### Data to process ###

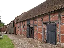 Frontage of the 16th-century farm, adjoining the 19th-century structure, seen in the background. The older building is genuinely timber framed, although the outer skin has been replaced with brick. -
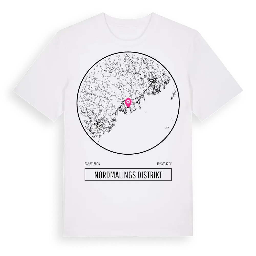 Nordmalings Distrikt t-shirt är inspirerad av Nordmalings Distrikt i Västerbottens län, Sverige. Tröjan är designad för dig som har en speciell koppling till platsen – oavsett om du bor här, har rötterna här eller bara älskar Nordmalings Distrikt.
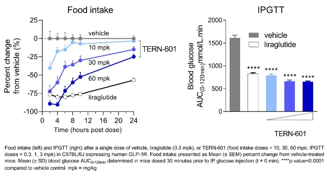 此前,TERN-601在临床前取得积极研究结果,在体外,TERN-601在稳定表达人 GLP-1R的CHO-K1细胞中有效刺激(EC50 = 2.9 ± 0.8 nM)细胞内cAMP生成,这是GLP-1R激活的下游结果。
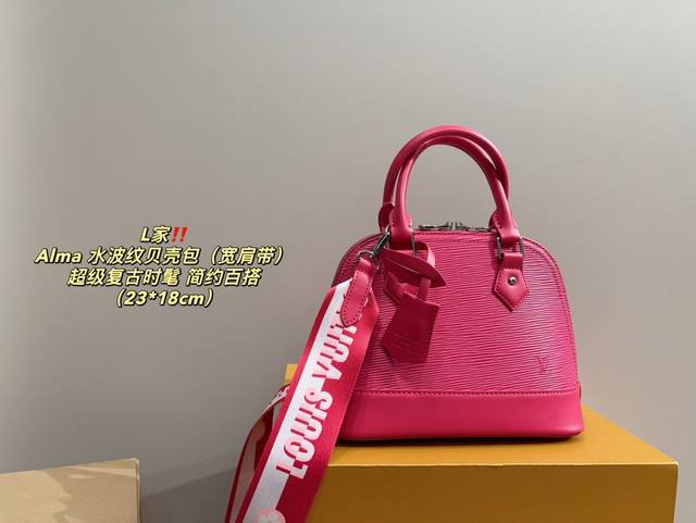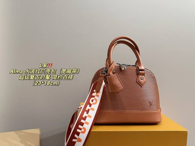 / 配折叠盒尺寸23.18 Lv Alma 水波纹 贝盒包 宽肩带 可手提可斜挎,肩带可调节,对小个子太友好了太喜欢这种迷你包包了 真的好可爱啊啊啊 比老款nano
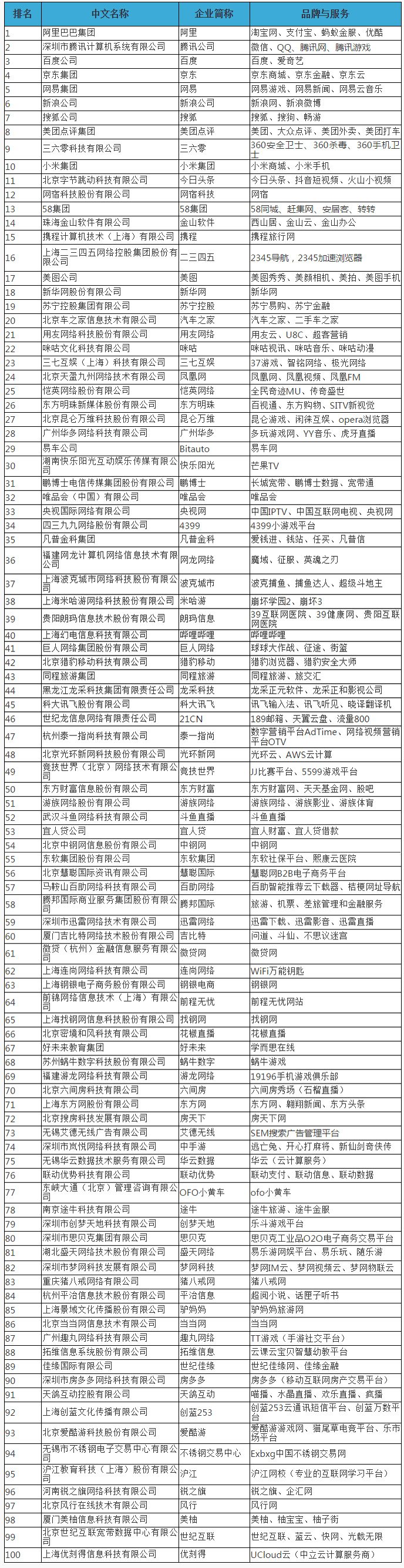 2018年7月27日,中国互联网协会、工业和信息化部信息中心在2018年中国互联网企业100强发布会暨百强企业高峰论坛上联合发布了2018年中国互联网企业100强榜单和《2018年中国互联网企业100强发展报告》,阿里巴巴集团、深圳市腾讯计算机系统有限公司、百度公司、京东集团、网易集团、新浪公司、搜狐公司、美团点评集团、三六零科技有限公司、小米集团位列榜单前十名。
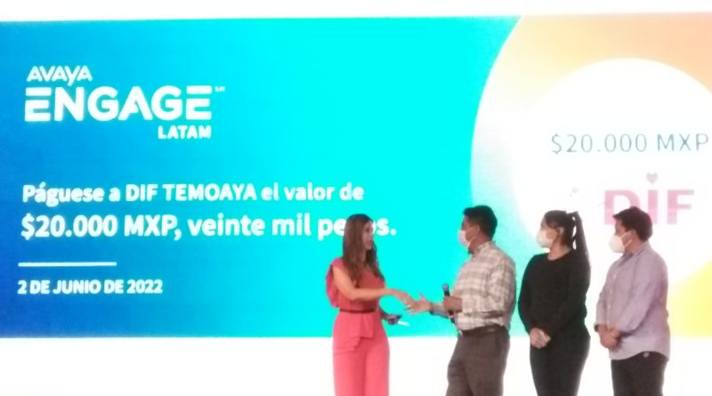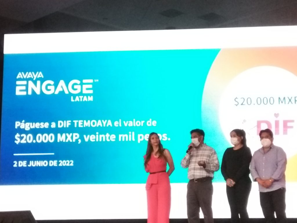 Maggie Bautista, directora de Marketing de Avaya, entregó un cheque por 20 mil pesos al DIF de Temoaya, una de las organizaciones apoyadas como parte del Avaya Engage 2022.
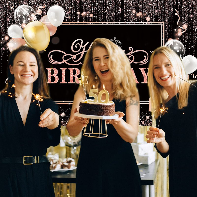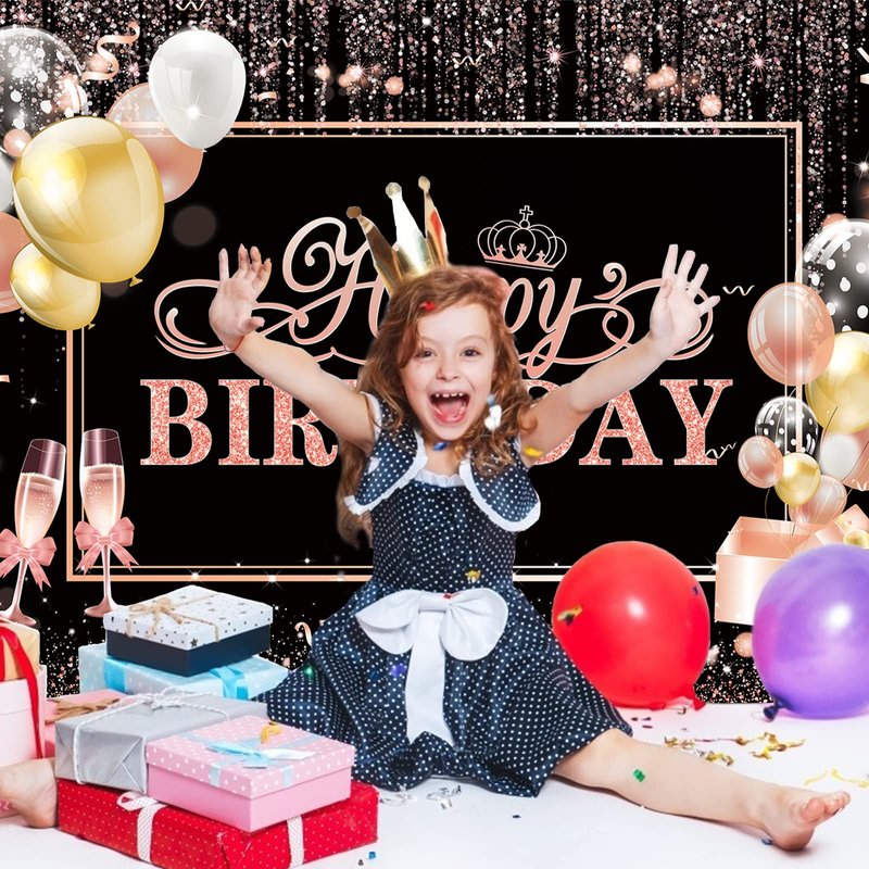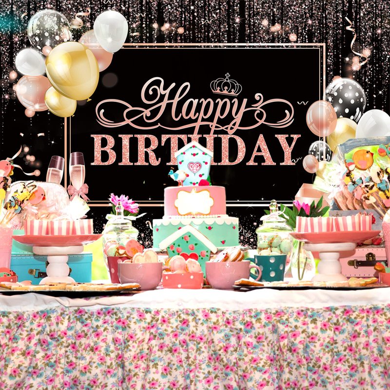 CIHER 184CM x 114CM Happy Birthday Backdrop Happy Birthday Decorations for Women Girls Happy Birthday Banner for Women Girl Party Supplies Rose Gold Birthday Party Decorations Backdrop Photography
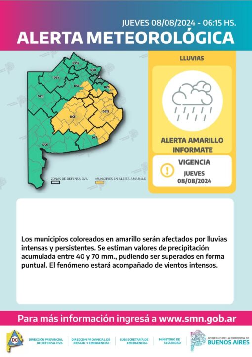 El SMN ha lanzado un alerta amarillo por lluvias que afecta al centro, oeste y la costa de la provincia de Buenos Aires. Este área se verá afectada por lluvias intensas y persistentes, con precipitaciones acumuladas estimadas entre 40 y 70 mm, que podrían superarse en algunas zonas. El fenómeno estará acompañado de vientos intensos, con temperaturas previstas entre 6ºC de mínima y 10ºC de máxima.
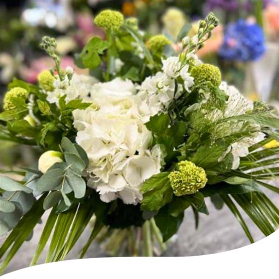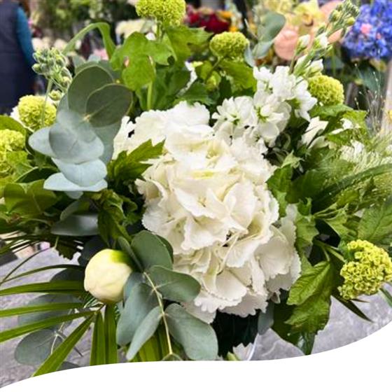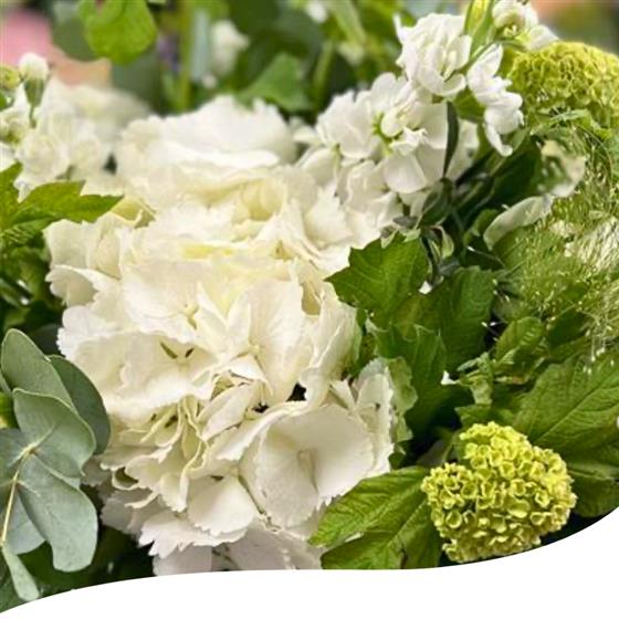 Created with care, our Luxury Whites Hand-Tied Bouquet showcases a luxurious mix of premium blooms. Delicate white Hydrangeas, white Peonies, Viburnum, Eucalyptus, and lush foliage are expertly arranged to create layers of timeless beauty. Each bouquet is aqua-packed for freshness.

###

# [Work request]
Copy everything above from the line holding "可手提可斜挎,肩带可调节,对小个子太友好了太喜欢这种迷你包包了 真的好可爱啊啊啊 比老款nano" down to the line holding "CIHER 184CM x", both ends included, exactly as it stands and without the pictures.

# [Result of this exercise]
 / 配折叠盒尺寸23.18 Lv Alma 水波纹 贝盒包 宽肩带 可手提可斜挎,肩带可调节,对小个子太友好了太喜欢这种迷你包包了 真的好可爱啊啊啊 比老款nano
 2018年7月27日,中国互联网协会、工业和信息化部信息中心在2018年中国互联网企业100强发布会暨百强企业高峰论坛上联合发布了2018年中国互联网企业100强榜单和《2018年中国互联网企业100强发展报告》,阿里巴巴集团、深圳市腾讯计算机系统有限公司、百度公司、京东集团、网易集团、新浪公司、搜狐公司、美团点评集团、三六零科技有限公司、小米集团位列榜单前十名。
 Maggie Bautista, directora de Marketing de Avaya, entregó un cheque por 20 mil pesos al DIF de Temoaya, una de las organizaciones apoyadas como parte del Avaya Engage 2022.
 CIHER 184CM x 114CM Happy Birthday Backdrop Happy Birthday Decorations for Women Girls Happy Birthday Banner for Women Girl Party Supplies Rose Gold Birthday Party Decorations Backdrop Photography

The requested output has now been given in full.